How to Engineer Resilient Cyber-Physical Infrastructures
Sunday, December 14, 2014, 8:30AM-5:00PM
Modern infrastructure systems are equipped with increasing amounts of computing and communication technologies, with the objective of improving their performance. Additionally, these systems also involve significant interactions with human operators and participants. An important need, especially in the case of safety-critical infrastructures, is engineering their resilience -- both to random failures and targeted adversarial attacks. With the increasingly interconnected nature of infrastructure systems, issues of network control and cascading failures are a growing concern.
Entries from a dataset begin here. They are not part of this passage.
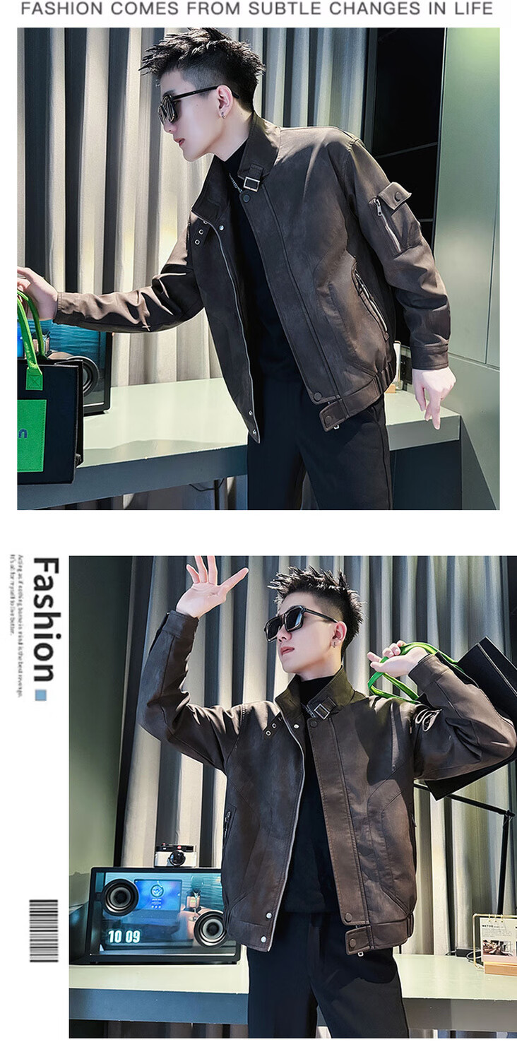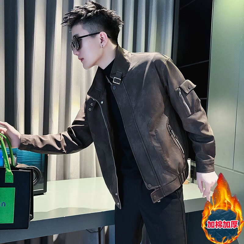 啄木鸟(TUCANO)皮衣外套男秋冬款加厚痞帅美式复古短款皮褂子飞行员机车服夹克衫 咖色 A343-JK180收藏加购优先发 M
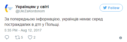 В то же время, Департамент консульской службы МИД сообщил в Twitter, что, по предварительной информации, среди пострадавших в ДТП в Польше украинцев нет.
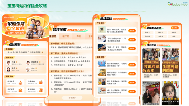 为满足母婴家庭的保险知识需求,宝宝树打造家庭保险全攻略专题,提供保险规划、险种详解、专业术语解读等一站式内容,帮助用户理清投保思路、规避投保误区。未来宝宝树将继续依托用户数据,深挖母婴家庭保障需求,助力母婴保险市场贴合用户需求发展,为新生代家庭提供更适配的保障参考。
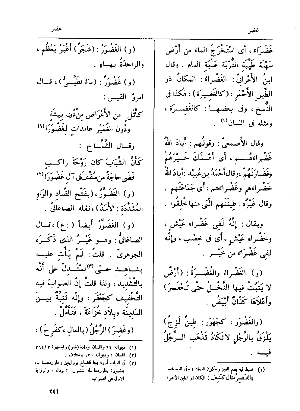 وَقَالَ غَيْرُه: طِيْنَتَهم الّتي مِنْهَا خُلِقُوا. وَيُقَال: إِنّهُ لَفِي غَضْراءِ عَيْشٍ، وخَضْراءِ عَيْشٍ، أَي فِي خِصْب، وإِنّه لفِي غَضْرَاءَ من خَيْر. والغَضْراءُ والغُضْرَةُ: أَرْضٌ لَا يَنْبُتُ فِيهَا النَّخْلُ حتَّى تُحْفَرَ وأَعْلاَهَا كَذّانٌ أَبْيَضُ. والغَضْوَر، كجَهْوَر: طِينٌ لَزِجٌ يَلْزَقُ بالرَّجْلِ لَا تَكَادُ تَذْهَب الرَّجْلُ فِيهِ. والغَضْوَرُ: شَجَرٌ أَغْبَرُ يَعْظُم، والواحدَةُ بهاءٍ. وغَضْوَرٌ: ماءٌ لَطيِّئّ، قَالَ امْرُؤ الْقَيْس:
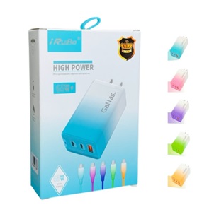 CARGADOR DE TRES PUERTOS, UNO USB y DOS TIPO "C", ENTRADA CON CLAVIJA PARA 100 - 240 V, SALIDA USB: 5V - 2.4A, SALIDA TIPO "C": 5V - 3.5A, 9V - 2A, 12
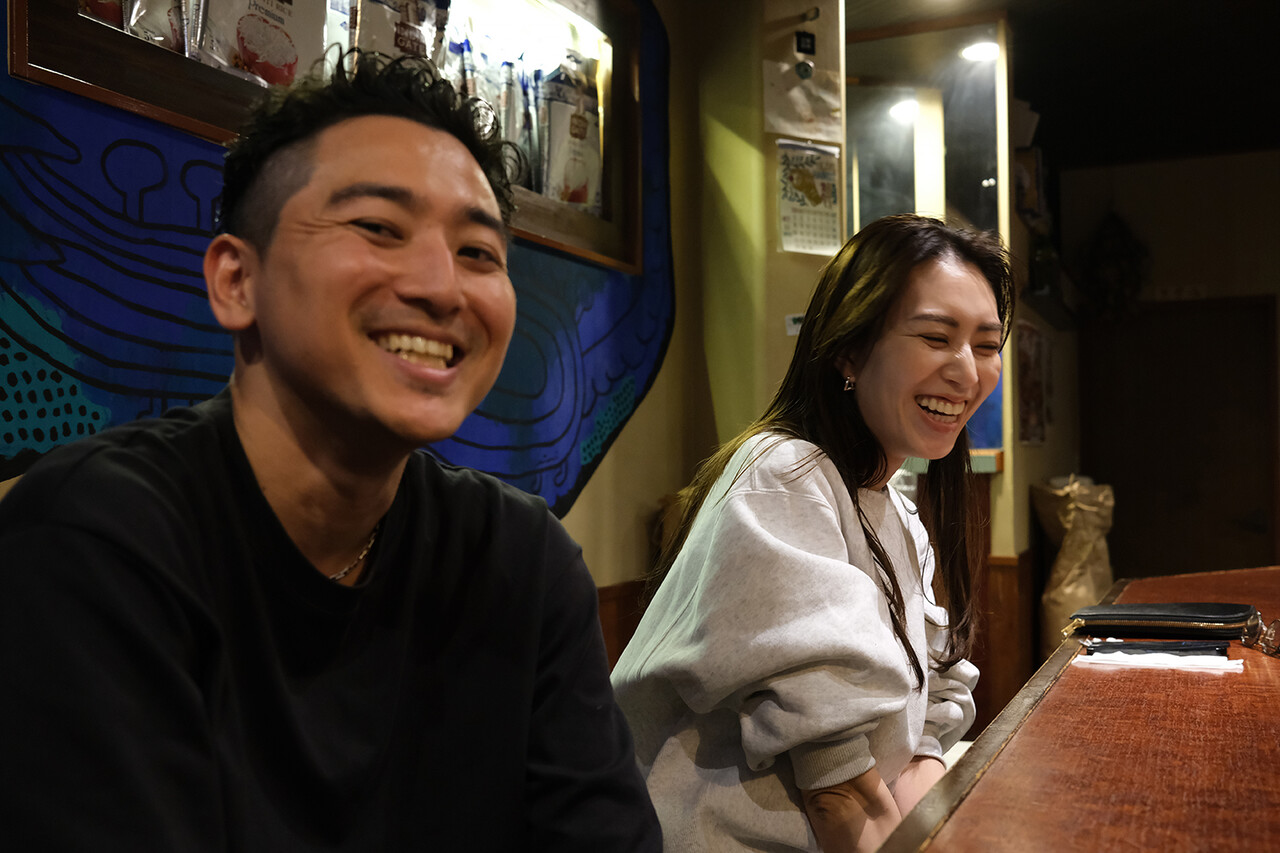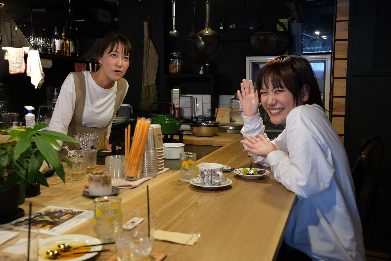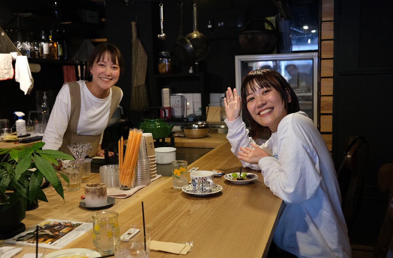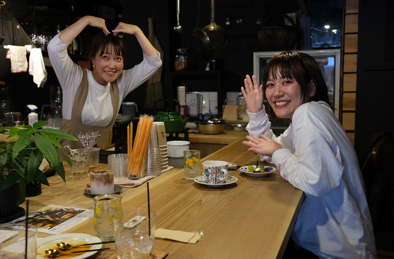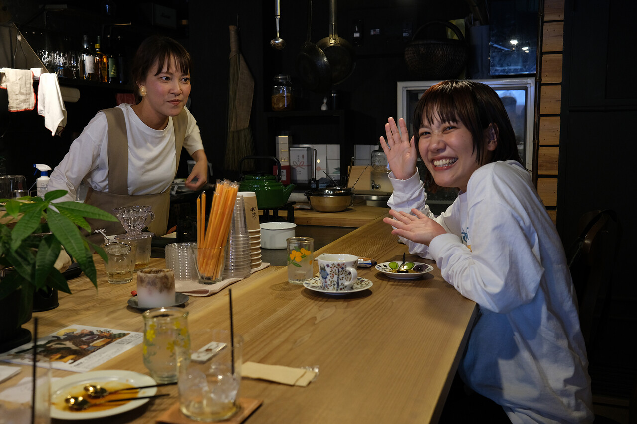 【喫茶カヤ】でラジオパーソナリティの坂口カンナちゃんに遭遇。この二人は以前【あだち珈琲警固店】での同僚なのだ。写真は「変な顔してみて」という僕のリクエストに応えてくれてるところ。

There has been considerable recent progress on control- and systems-theoretic approaches to building resilient infrastructure systems. The approaches have addressed a range of needs of cyber-physical systems, including fault-tolerant and robust control and optimization, intrusion detection and response, security and privacy concerns, software verification and validation, human-automation interactions, mechanism design, modeling and simulation, etc. These techniques have been studied in the context of a range of infrastructure systems, such as transportation, electricity, energy, telecommunications, and water and gas distribution systems.
This workshop will review the state-of-the-art in control-theoretic approaches to build resilient cyber-physical infrastructures. Experts from industry and academia will describe key challenges, promising approaches and necessary future research directions.
Confirmed Speakers
- Saurabh Amin, Massachusetts Institute of Technology
- Hamsa Balakrishnan, Massachusetts Institute of Technology
- Tamer Başar, University of Illinois at Urbana-Champaign
- Eric Feron, Georgia Institute of Technology
- Karl Henrik Johansson, KTH Royal Institute of Technology
- P. R. Kumar, Texas A&M University
- George Pappas, University of Pennsylvania
- Tariq Samad, Honeywell Automation and Control Solutions
- Demosthenis Teneketzis, University of Michigan
Intended Audience
The intended audience includes graduate students and researchers in controls interested in cyber-physical infrastructures, and practitioners interested in practical challenges in infrastructure systems. This workshop aims at introducing key technologies and the state-of-the-art in control-theoretic and game-theoretic tools for engineering cyber-physical infrastructure systems that are resilient to adversarial attacks and random failures. Given the ubiquitous nature of cyber-physical infrastructure systems in today's world, this workshop will be of interest to graduate students, researchers, and industry professionals.